Our local cable television/internet/telephone company has been running a TV spot to showcase to their business customers how effective advertising with them is: a car-dealership manager (a real customer, as they say, “not an actor”) brags that everywhere he goes around town, people see him and sing his commercial’s jingle for him. That, he says in no uncertain terms, is how he knows advertising with, let’s say, Acme Cablevision works for him.

Really? That’s the landmark? Not increased sales, or increased traffic, or even increased phone calls, but the number of people who can sing his little ditty?

Let’s ignore for a moment the fact that I believe that all traditional advertising, air and print, for all companies, in almost all circumstances, is unnecessary – and unnecessarily costly. Which I do. Because it is.

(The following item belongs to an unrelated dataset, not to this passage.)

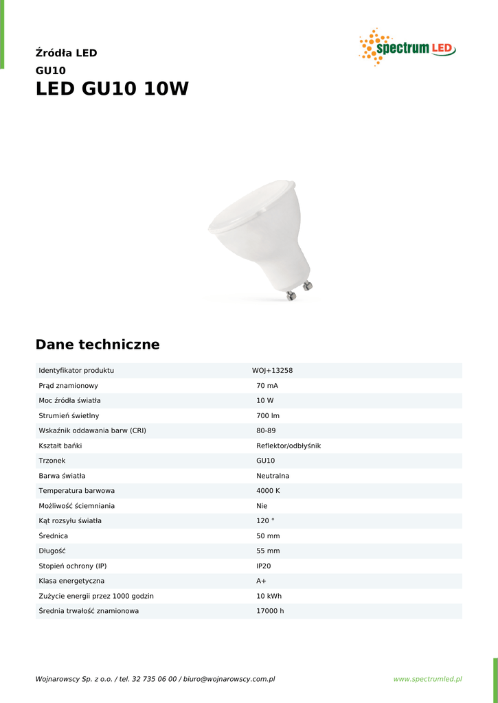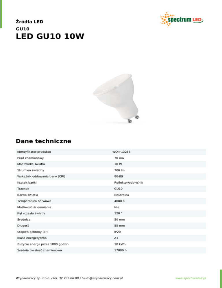 Źródła LED GU10 LED GU10 10W Dane techniczne Identyfikator produktu WOJ+13258 Prąd znamionowy 70 mA Moc źródła światła 10 W Strumień świetlny 700 lm Wskaźnik oddawania barw (CRI) 80-89 Kształt bańki Reflektor/odbłyśnik Trzonek GU10 Barwa światła Neutralna Temperatura barwowa 4000 K Możliwość ściemniania Nie Kąt rozsyłu światła 120 ° Średnica 50 mm Długość 55 mm Stopień ochrony (IP) IP20 Klasa energetyczna A+ Zużycie energii przez 1000 godzin 10 kWh Średnia trwałość znamionowa 17000 h Wojnarowscy Sp. z o.o. / tel. 32 735 06 00 / [email protected] www.spectrumled.pl Źródła LED GU10 LED GU10 10W Pozostałe zdjęcia: Wojnarowscy Sp. z o.o. / tel. 32 735 06 00 / [email protected] Powered by TCPDF (www.tcpdf.org) www.spectrumled.pl

Does this businessman really gauge the success of his TV ad by how many people have memorized his jingle? Does that equate to business success? I believe so. And it’s not just small, local businesses that make this mistake; it’s been common in advertising for generations to focus on the memorability of a thirty- or sixty-second spot, as if the ability to simply blunt-object some string of characters into the public’s brains somehow equates to money in the bank. Remember the gerbils/hamsters/chipmunks launched into a wall out of a cannon in a SuperBowl ad years ago? Sure you do. PETA does. Remember the company that ran it? Not unless you’re with PETA. They folded within months of that ad’s first airing.

Advertising is a marketing activity. The goal of all marketing activities is to bring in more business – more sales, bigger sales, sales from new revenue streams, new customers, repeat customers, any of the above, all of the above. And marketing is a core business activity. Just like any other core element of your business, like inventory or labor, if cost > return, it’s a bad deal.

If you decide traditional advertising is a worthwhile investment for your operation, then go into it for the right reasons, from the right perspective, and with the right point.